▸ Activity
Your response to the data below should hold nothing except the lines from the one containing "PrimaERP TIME TRACKING" down to the one containing "(from the top", reproduced exactly and without pictures.

▸ Extracted records
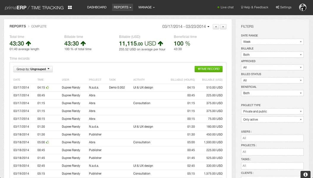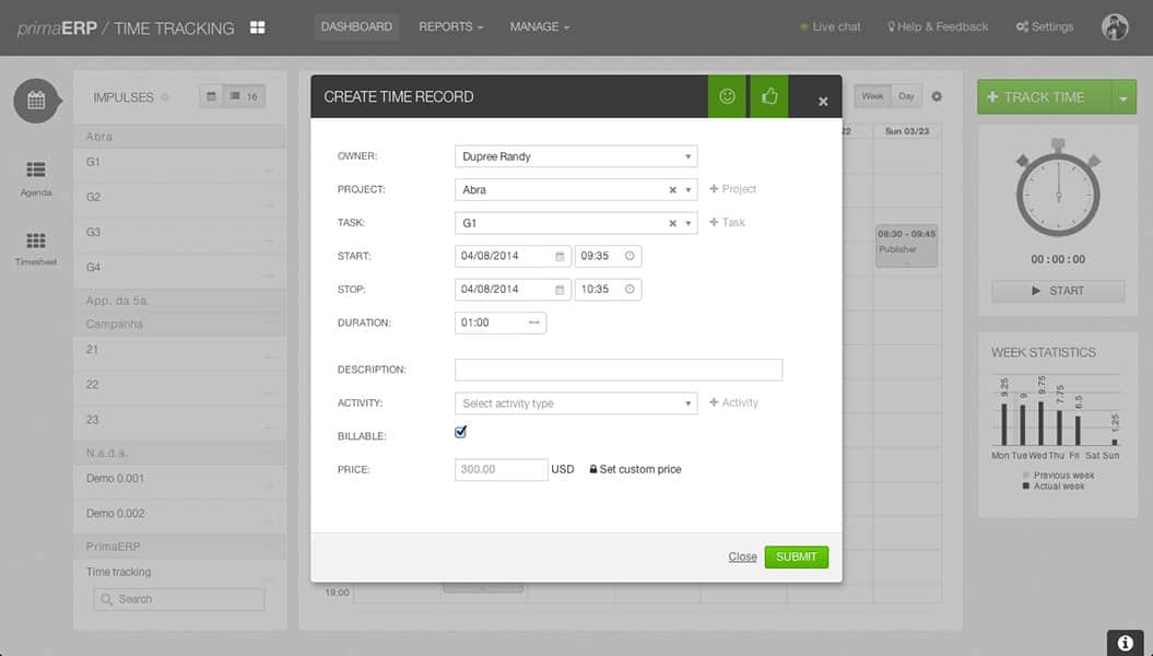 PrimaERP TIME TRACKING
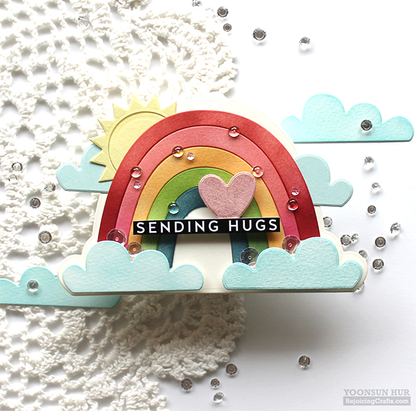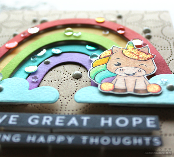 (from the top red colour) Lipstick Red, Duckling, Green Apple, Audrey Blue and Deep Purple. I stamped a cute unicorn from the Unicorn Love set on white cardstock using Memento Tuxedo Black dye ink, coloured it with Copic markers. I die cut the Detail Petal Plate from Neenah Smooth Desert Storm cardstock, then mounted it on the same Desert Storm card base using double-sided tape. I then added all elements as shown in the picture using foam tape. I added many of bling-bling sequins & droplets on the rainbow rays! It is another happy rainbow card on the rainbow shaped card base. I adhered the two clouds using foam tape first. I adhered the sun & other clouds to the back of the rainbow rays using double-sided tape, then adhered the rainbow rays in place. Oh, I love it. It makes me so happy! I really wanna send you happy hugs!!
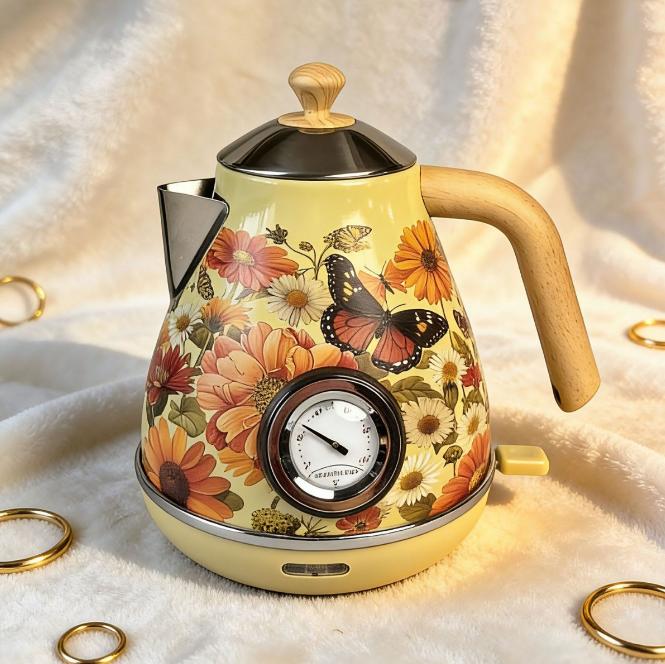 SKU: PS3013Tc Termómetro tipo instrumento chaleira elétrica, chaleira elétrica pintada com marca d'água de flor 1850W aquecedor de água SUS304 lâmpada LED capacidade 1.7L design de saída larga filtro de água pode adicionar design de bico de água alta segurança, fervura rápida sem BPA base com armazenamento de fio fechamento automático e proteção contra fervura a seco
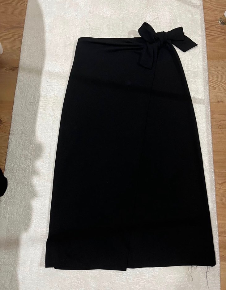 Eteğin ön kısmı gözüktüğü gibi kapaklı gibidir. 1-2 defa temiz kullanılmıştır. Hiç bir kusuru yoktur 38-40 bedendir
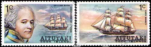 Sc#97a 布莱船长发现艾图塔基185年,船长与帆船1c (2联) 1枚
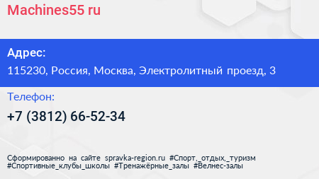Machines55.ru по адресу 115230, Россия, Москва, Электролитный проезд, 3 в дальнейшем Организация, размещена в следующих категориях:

...

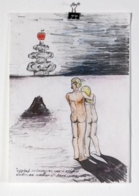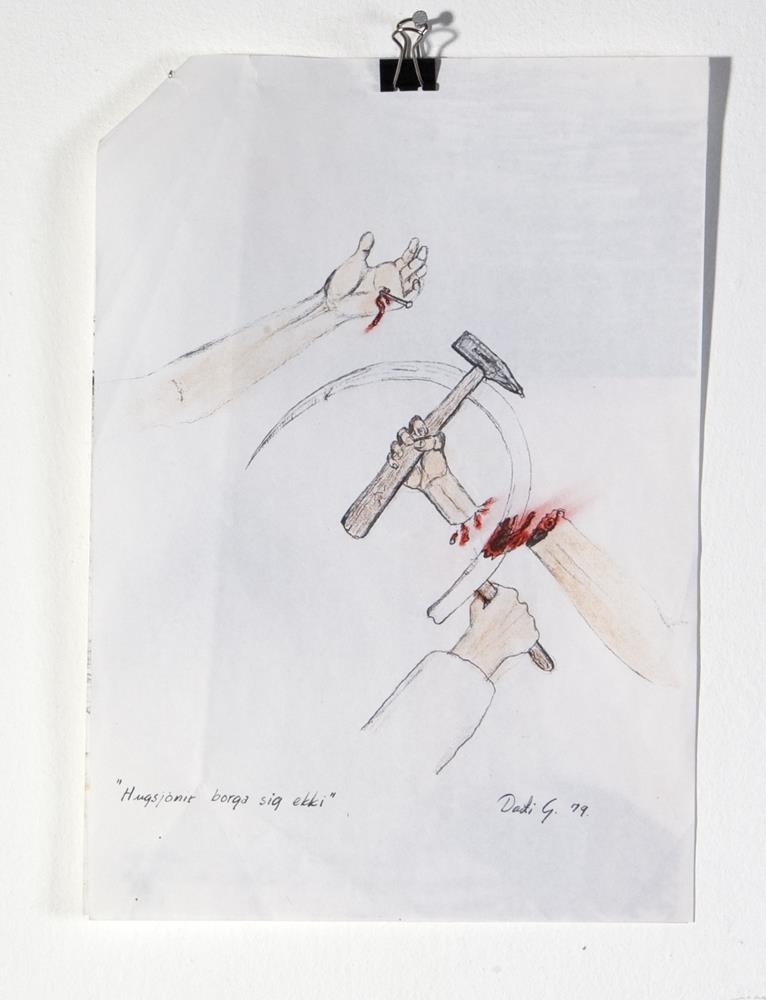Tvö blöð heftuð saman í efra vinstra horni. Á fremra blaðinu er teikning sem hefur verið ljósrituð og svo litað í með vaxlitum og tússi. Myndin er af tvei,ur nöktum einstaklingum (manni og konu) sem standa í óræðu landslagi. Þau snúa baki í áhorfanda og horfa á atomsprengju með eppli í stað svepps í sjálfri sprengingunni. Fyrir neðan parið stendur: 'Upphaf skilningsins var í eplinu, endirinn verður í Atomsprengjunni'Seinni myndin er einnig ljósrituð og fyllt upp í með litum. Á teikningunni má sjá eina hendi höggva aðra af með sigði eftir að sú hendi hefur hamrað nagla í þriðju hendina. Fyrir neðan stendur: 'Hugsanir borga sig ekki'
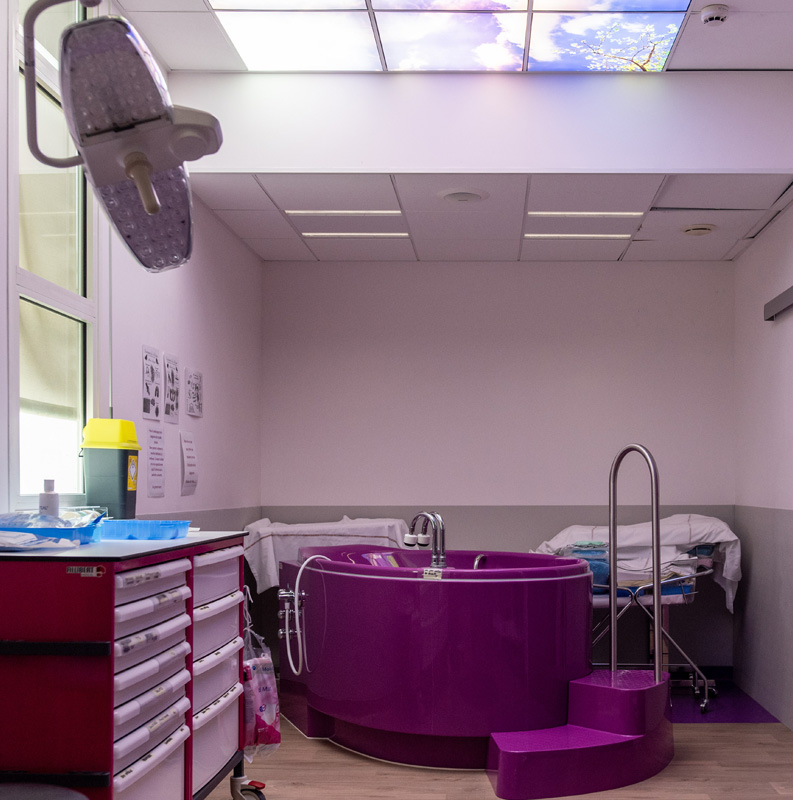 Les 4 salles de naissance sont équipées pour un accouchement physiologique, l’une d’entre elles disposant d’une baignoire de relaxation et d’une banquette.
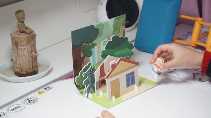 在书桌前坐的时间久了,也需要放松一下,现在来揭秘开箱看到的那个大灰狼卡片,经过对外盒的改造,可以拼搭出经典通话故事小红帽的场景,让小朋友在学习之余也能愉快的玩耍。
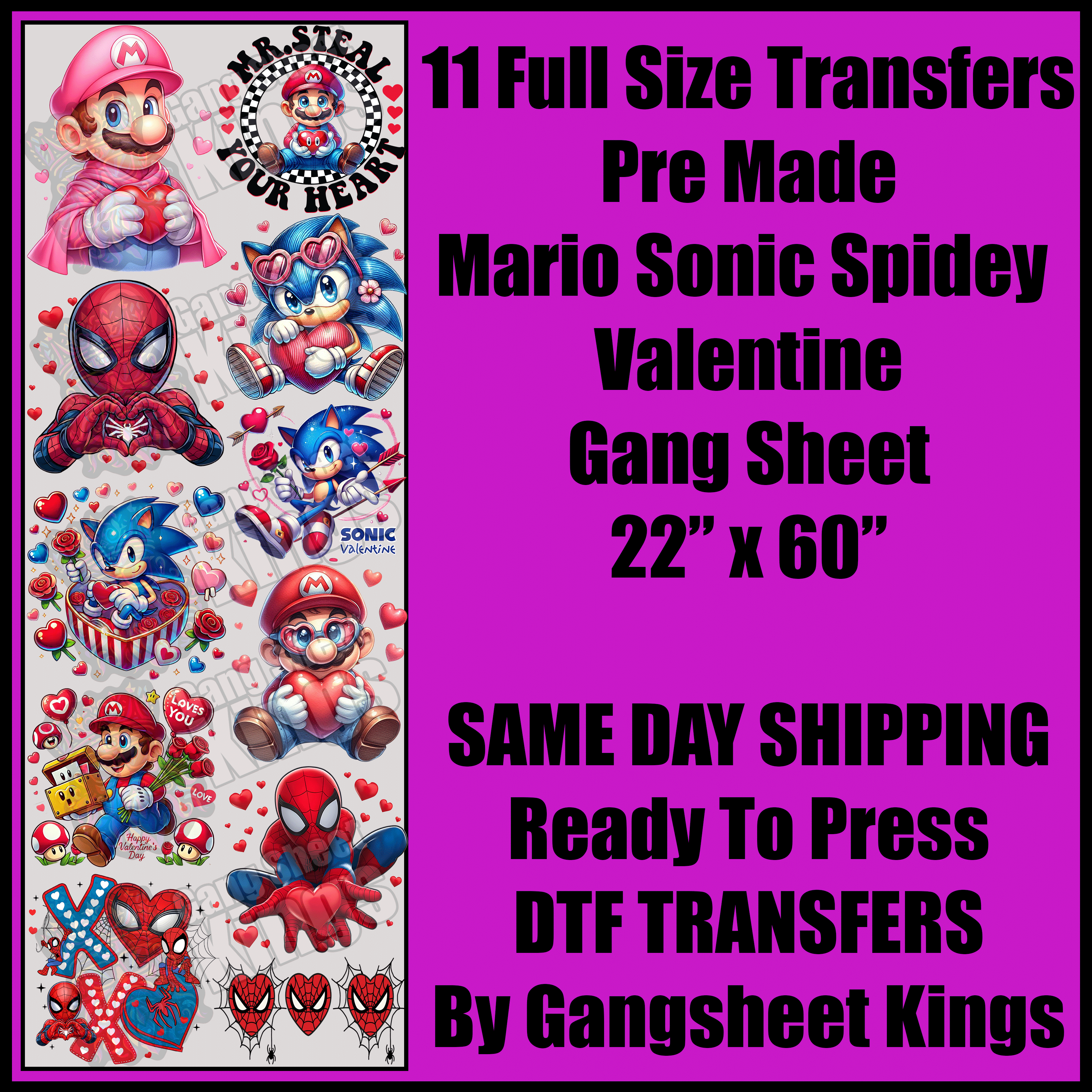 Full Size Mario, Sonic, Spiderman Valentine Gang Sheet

...

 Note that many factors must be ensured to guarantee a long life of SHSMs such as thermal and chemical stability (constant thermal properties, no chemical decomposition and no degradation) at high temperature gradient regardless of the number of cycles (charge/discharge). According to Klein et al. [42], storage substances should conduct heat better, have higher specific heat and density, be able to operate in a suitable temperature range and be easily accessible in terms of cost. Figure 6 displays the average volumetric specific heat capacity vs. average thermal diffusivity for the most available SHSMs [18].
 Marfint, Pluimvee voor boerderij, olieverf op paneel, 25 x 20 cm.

▸ Response to this exercise
 PrimaERP TIME TRACKING
 (from the top red colour) Lipstick Red, Duckling, Green Apple, Audrey Blue and Deep Purple. I stamped a cute unicorn from the Unicorn Love set on white cardstock using Memento Tuxedo Black dye ink, coloured it with Copic markers. I die cut the Detail Petal Plate from Neenah Smooth Desert Storm cardstock, then mounted it on the same Desert Storm card base using double-sided tape. I then added all elements as shown in the picture using foam tape. I added many of bling-bling sequins & droplets on the rainbow rays! It is another happy rainbow card on the rainbow shaped card base. I adhered the two clouds using foam tape first. I adhered the sun & other clouds to the back of the rainbow rays using double-sided tape, then adhered the rainbow rays in place. Oh, I love it. It makes me so happy! I really wanna send you happy hugs!!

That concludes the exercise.